Неизвестно, поняла ли жена его мысленный монолог, но тут продвижение к заветной цели ускорилось настолько, что следующая машина была бы Мирошниковых. Была бы… Не ко времени, скрипя протезом, подковылял старикан в кроличьей шапке и в ботах, попросил Вадима Александровича:

– Разрешите мне без очереди? Я инвалид войны…

– Ну, разумеется. Пожалуйста, – сказал Мирошников.

Стоявшая за ним женщина – в серьгах, браслетах и кольцах, половина «Жемчуга» на ней – заорала:

– По какому праву? Дед, становись в хвост!

Мирошников объяснил:

– Участник войны. Инвалид. Положено вне очереди…

– Это в поликлиниках и аптеках положено, а не здесь. Ничего не знаю! Много их таких!

– Не так уж много, – сказал старикан. – Скоро и вовсе не останется…

– А откуда видно, что инвалид войны? Может, по пьянке ногу потерял…

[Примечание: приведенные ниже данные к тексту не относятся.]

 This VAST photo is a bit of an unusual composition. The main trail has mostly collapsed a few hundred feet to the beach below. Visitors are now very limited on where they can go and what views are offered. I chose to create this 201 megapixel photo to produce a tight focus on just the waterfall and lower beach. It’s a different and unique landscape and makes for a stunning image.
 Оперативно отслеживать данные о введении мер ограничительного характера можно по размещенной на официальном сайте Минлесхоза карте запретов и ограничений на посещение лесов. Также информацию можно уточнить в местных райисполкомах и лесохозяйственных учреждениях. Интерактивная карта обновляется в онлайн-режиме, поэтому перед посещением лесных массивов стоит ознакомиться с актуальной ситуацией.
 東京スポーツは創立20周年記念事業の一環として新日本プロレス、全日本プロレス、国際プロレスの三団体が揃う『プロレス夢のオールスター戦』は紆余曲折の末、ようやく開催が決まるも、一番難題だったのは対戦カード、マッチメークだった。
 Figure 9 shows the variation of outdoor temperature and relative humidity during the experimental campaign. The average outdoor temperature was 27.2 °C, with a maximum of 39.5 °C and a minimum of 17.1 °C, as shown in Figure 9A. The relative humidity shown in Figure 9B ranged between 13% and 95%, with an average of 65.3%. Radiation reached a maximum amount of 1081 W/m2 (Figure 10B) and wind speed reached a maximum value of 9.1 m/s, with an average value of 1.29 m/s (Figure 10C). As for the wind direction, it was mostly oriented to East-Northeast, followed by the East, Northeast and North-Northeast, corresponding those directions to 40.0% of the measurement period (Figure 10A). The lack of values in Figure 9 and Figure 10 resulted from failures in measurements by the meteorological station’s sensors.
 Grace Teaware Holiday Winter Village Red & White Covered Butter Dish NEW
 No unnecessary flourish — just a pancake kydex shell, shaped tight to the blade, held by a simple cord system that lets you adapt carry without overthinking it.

– Могу показать удостоверение. – Старикан полез за пазуху.

– Не надо, папаша, – сказал Мирошников.

– Не-ет, пускай покажет! – Бабеха вопила так, будто у нее отнимали драгоценности.

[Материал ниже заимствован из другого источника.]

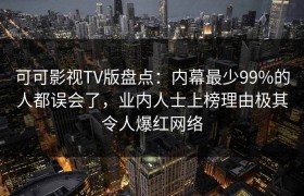 可可影视TV版盘点:内幕最少99%的人都误会了,业内人士上榜理由极其令人爆红网络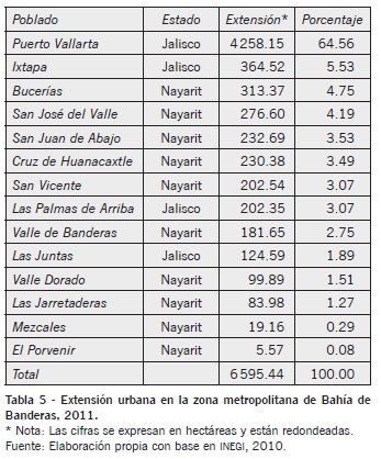 Un elemento a resaltar es la diferencia en el proceso de ocupación entre las poblaciones localizadas en el litoral, de vocación turística, las cuales tienden a ocupar mayor superficie que su contraparte en el interior, cuyas actividades recaen en el sector primario, destacando la agricultura y ganadería particularmente en el Valle de Banderas (véase tabla 5).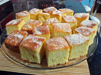 Bata as gemas e o açúcar, acrescente a farinha, o leite fervido e o fermento, mexendo sempre, por último coloque as clara em neve bem devagar, despejar na forma untada e polvilhada de farinha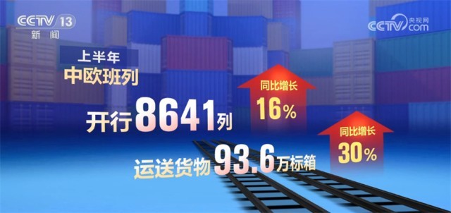 上半年,中歐班列開行8641列、運送貨物93.6萬(wan) 標箱,同比分別增長16%、30%。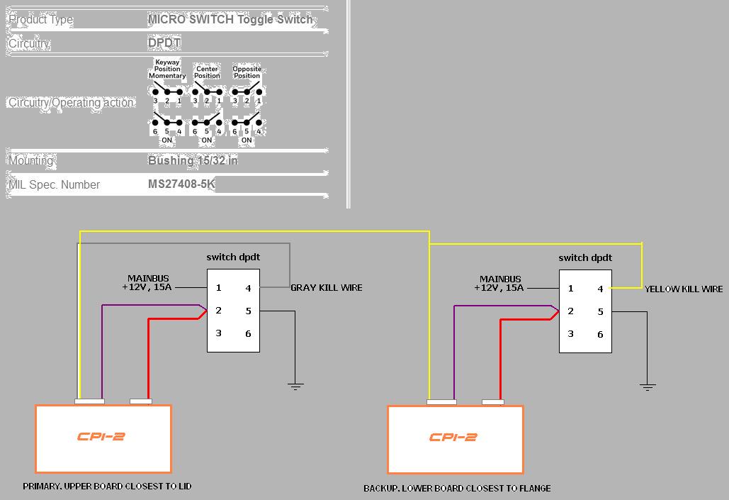#2: I'm interested in the "switchology" for the CPI2. I'll be full electronic, and thus running a dual ECU unit. I intend to use toggle switches, not a key switch, for ignition control. My current schematic iteration has two DPST switches, one for each ECU. Each switch controls power to the ECU and coil (purple and red wires) for that ECU.
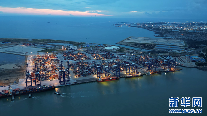 24小时持续工作的洋浦国际集装箱码头。新华网发(丁一 摄)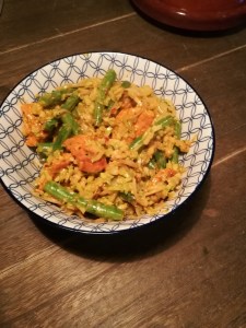 - Tot slot de broccoli rijst toevoegen en doorroeren tot alles gemengd is.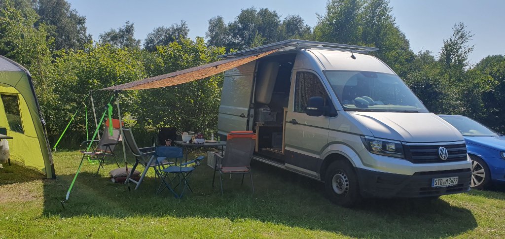 Dafür steht der Dachträger jetzt so weit über das das Wasser vom Dach nicht mehr in die offene Schiebetür tropft. Die Solarmodule bilden ein schönes Vordach.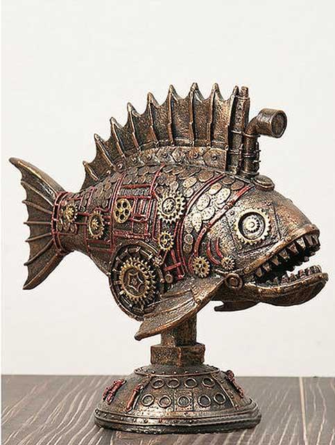 スチームパンク メカニカル・ブラック・フィッシュ彫像 レトロアメリカンクラフト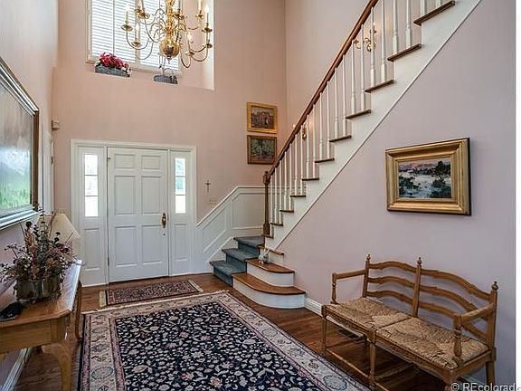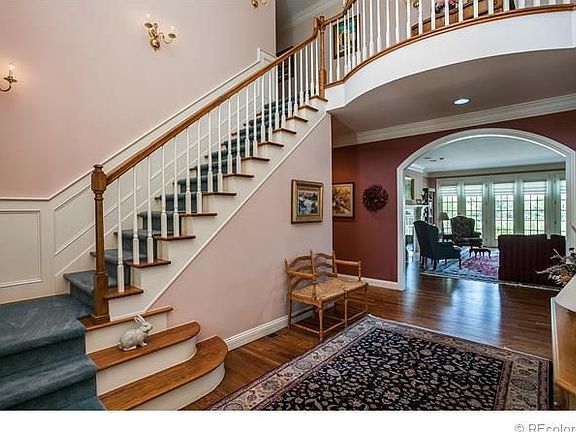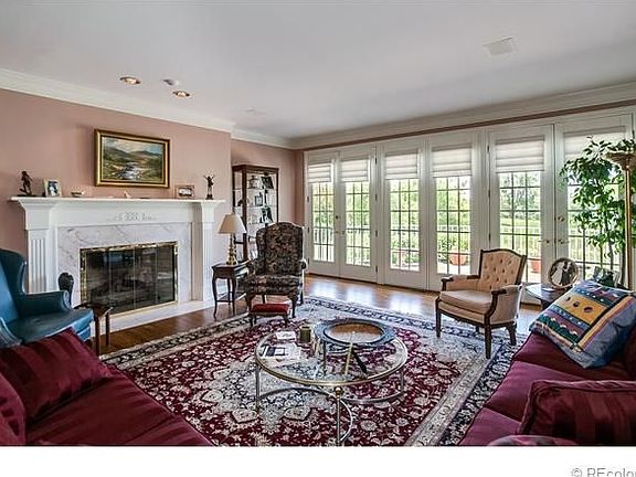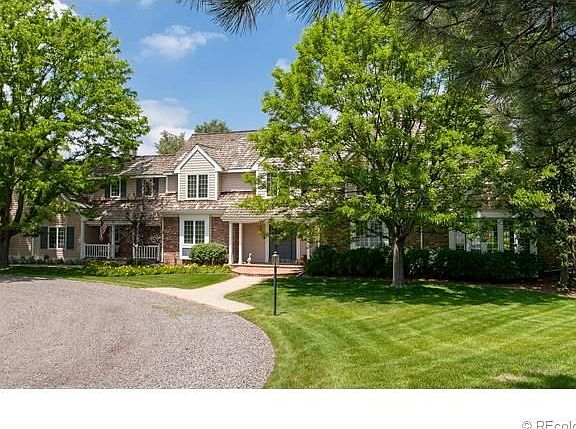 This elegant home is nestled in the heart of Cherry Hills. Zoned for horses, the 2.2 acre site enjoys views of a pond and is within walking distance to the Highline Canal. Inside, the French doors open to spacious patios, perfect for viewing blue Irish flax in the spring, and snowy vistas in the winter. The interior finishes embrace hardwood floors, crown molding and built-in bookcases in the cozy library. The large main floor office is cheerful with its southern sunshine..it is also suitable for use as a main floor bedroom with adjacent 3/4 bath. Welcoming and spacious, the kitchen/great room is a perfect gathering place with its vaulted ceiling and brick fireplace. The dry-walled studio has roughed-in plumbing and electrical..a perfect opportunity to complete as your personal dream space. The walkout basement is ideal for relaxing with the family and contains a wet bar, guest room and bath. The home offers 5 or 6 bedrooms, 6 baths and 7,958 square feet of living space.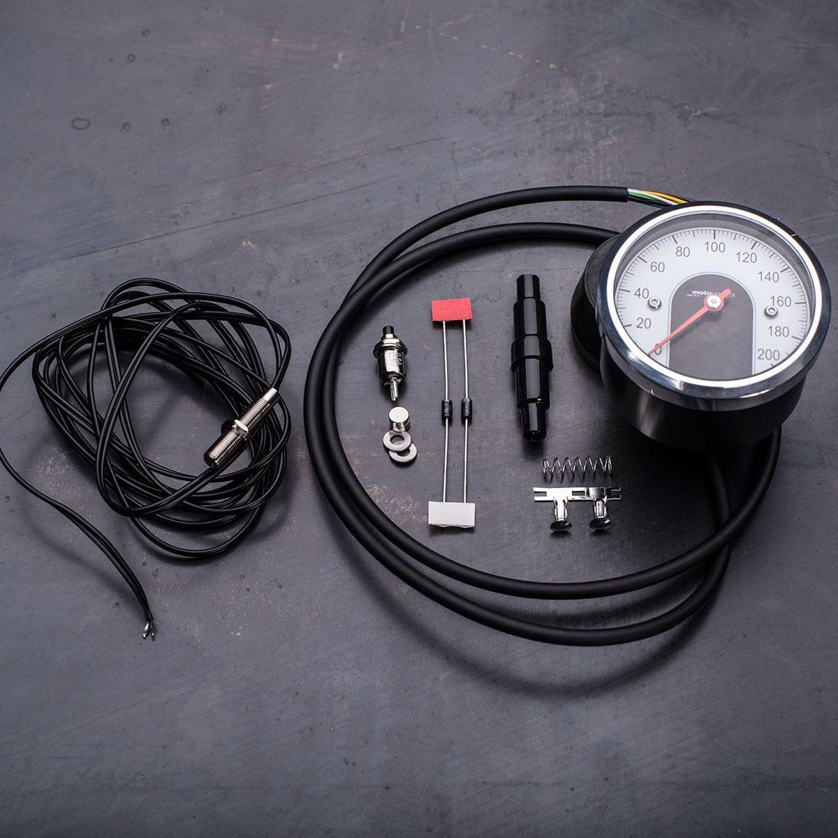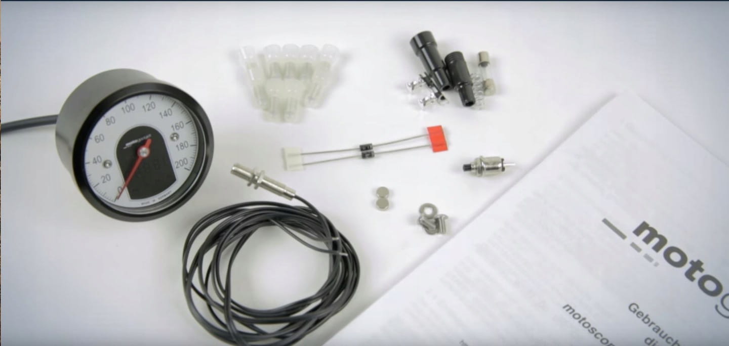 Dostarczony czujnik prędkościomierza ze stali nierdzewnej jest bardzo mały (M5/23 mm) i dzięki temu łatwy do ukrycia. Czujnik można łatwo zainstalować na przednim lub tylnym kole za pomocą kabla łączącego (długość 1,5 m). Pozwala to na łatwą konwersję oryginalnie mechanicznego napędu prędkościomierza w motocyklu. Motoscope Tiny jest kompatybilny z różnymi oryginalnymi czujnikami prędkościomierza (czujniki kontaktronowe i zbliżeniowe) producentów motocykli. W takim przypadku wystarczy podłączyć tylko zaciski, a mechaniczna instalacja czujnika będzie całkowicie zbędna. Inteligentna funkcja „Teach Function” umożliwia łatwą kalibrację prędkościomierza – nawet w pojazdach z czujnikami skrzyni biegów, np. Harley Davidson.

– Да поимейте ж вы совесть, гражданка! – не выдержала и Маша, а за ней и вся очередь – молодые и пожилые – взяла бабеху в оборот. Та неробко отбивалась:

– Совестью попрекаешь? Ишь ты, интеллигенция… А вы, юноша, меня не учите, вы свою жену учите… А ты чего, тебе больше всех надо? Напялил дубленку и воображает, что он министр! Ха, правила я получше вашего знаю! Сам нахал!..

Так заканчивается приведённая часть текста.